Как там Шеба? Что с тортом Мириам – небось, опять всех победила? Мама говорит, что даст тебе рецепту если поклянешься хранить его в, цитирую, «страшном секрете». От такого не отказываются, хе-хе.
Завтра в программе Диснейленд. Не знаю, какой тебе прихватить сувенир. Придется угадывать, кто там твой любимый персонаж. Белоснежка, нет? Папа всю жизнь нас веселил, изображая Микки-Мауса – натянет штаны до подмышек, выпятит пузо и разговаривает писком. А Эван с детства обожает Покахонтас. Надеюсь, он сможет завтра себя контролировать.
Так, мама говорит завязывать, у пег послеобеденный «Старбакс» по расписанию.
Пожелай мне удачи.
Зак
Мне непросто представить Зака в Сан-Франциско. Там не будет петушиного кукареканья, чтобы будить по утрам. Не будет тяжелых резиновых сапог и длинных розовых перчаток.
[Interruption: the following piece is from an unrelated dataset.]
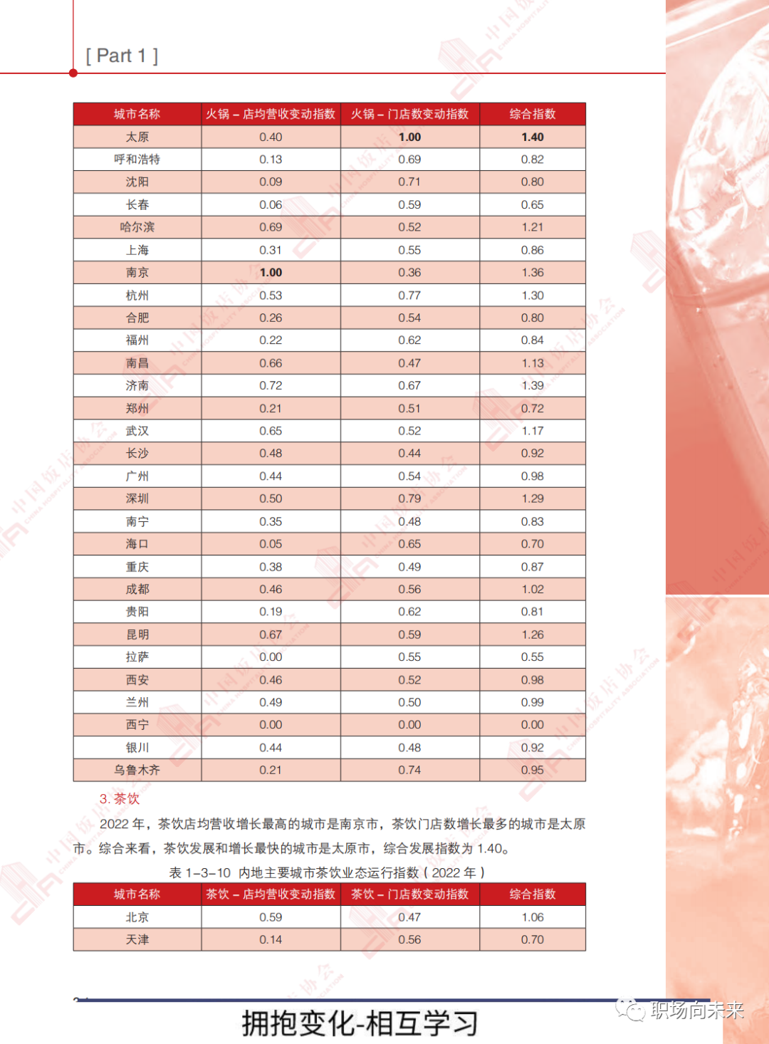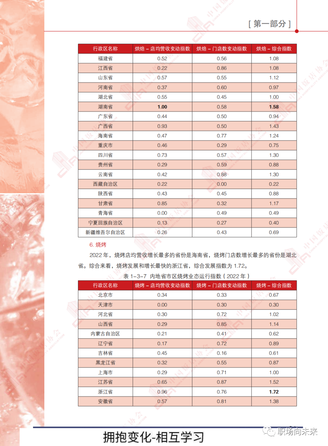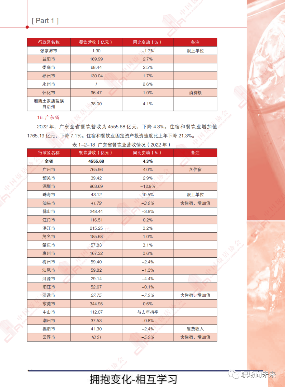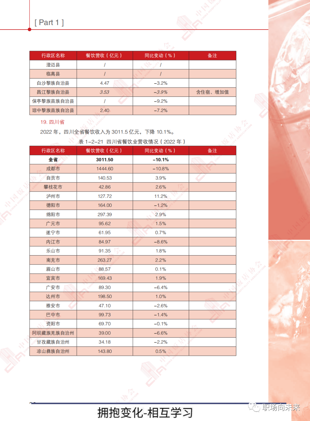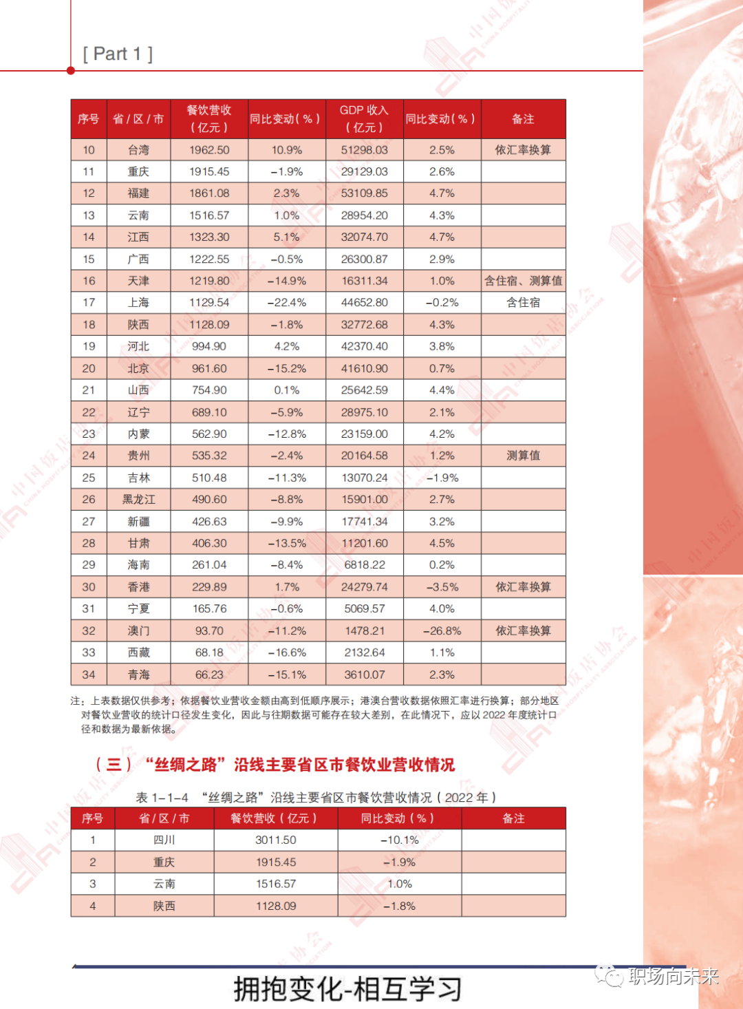 总体而言,受境外变异毒株持续输入影响,2022 年疫情多点频繁散发,餐饮行业波 动明显,市场受到较大冲击。全年行业收入同比增速仅在 1-2 月及 8 月呈现正值;3-5 月 受疫情影响出现明显低谷,此后呈缓慢回升趋势;而临近年底,疫情高发期来临,加上防 疫政策发生重大调整,新一轮大规模感染潮来袭,导致同比收入增速继续下滑。可以说, 2022 年全国餐饮行业营收情况,远要比前两年更为严峻。2022 年,河北全省餐饮营收为 994.9 亿元,比上一年增长 4.2%。住宿和餐饮业增加 值 358.3 亿元,下降 6.9%。住宿和餐饮业固定资产投资速度比上一年增长 14.9%。2022 年,山西全省餐饮营收为 754.9 亿元,比上一年增长 0.1%。住宿和餐饮业增加 值为 213.78 亿元,下降 2.0%。2022 年,内蒙古全区餐饮业营收为 562.9 亿元,下降 12.8%。零批住餐行业增加值为 1876.9 亿元,比上一年下降 4.2%。

Я перечитываю письмо на пути в ампутационную клинику, где мне будут подтягивать протез. Перечитываю снова, подсчитывая упоминания везения. Как типично для него использовать это слово всуе.
И он не единственный. Во время химиотерапии врачи постоянно повторяли это моей маме – им хватало ума не пробовать этого со мной. Повезло, что мы диагностировали на ранней стадии. Повезло, что опухоль изолирована. И потом, после операции, я подслушала медсестер в коридоре. Она не понимает, как ей повезло.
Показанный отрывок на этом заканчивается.